** GIVEN INFORMATION **
************
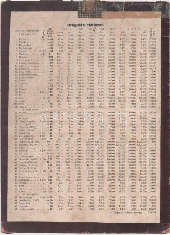 Beschreibung: ~1927. "Magyarország koronajegyei - Magyarország nehéz idejéből 1914 - 1927" drágulási táblázat 57 termék szolgáltatás áraiból, nyomta Ifj. Kellner Ernő. Szakadással
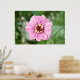 Ett foto av en rosa Zinnia, med dubbla rosa bläckblomma med gult stjärnor.
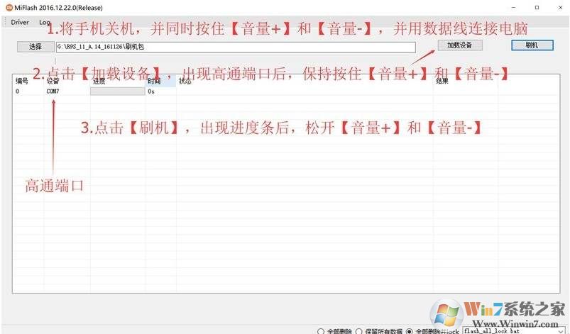3、手機(jī)關(guān)機(jī)后,按音量+和音量一,數(shù)據(jù)線(xiàn)連接電腦,點(diǎn)擊加載設(shè)備,出現(xiàn)高通端口后,保持安住音量+和音量-,點(diǎn)擊刷機(jī),出現(xiàn)進(jìn)度條后松開(kāi)按鍵。
************
** PROBLEM TO WORK ON **
Print the complete listing exactly, apart from any pictures.

** SOLUTION FOR THIS EXERCISE **
 Beschreibung: ~1927. "Magyarország koronajegyei - Magyarország nehéz idejéből 1914 - 1927" drágulási táblázat 57 termék szolgáltatás áraiból, nyomta Ifj. Kellner Ernő. Szakadással
 Ett foto av en rosa Zinnia, med dubbla rosa bläckblomma med gult stjärnor.
3、手機(jī)關(guān)機(jī)后,按音量+和音量一,數(shù)據(jù)線(xiàn)連接電腦,點(diǎn)擊加載設(shè)備,出現(xiàn)高通端口后,保持安住音量+和音量-,點(diǎn)擊刷機(jī),出現(xiàn)進(jìn)度條后松開(kāi)按鍵。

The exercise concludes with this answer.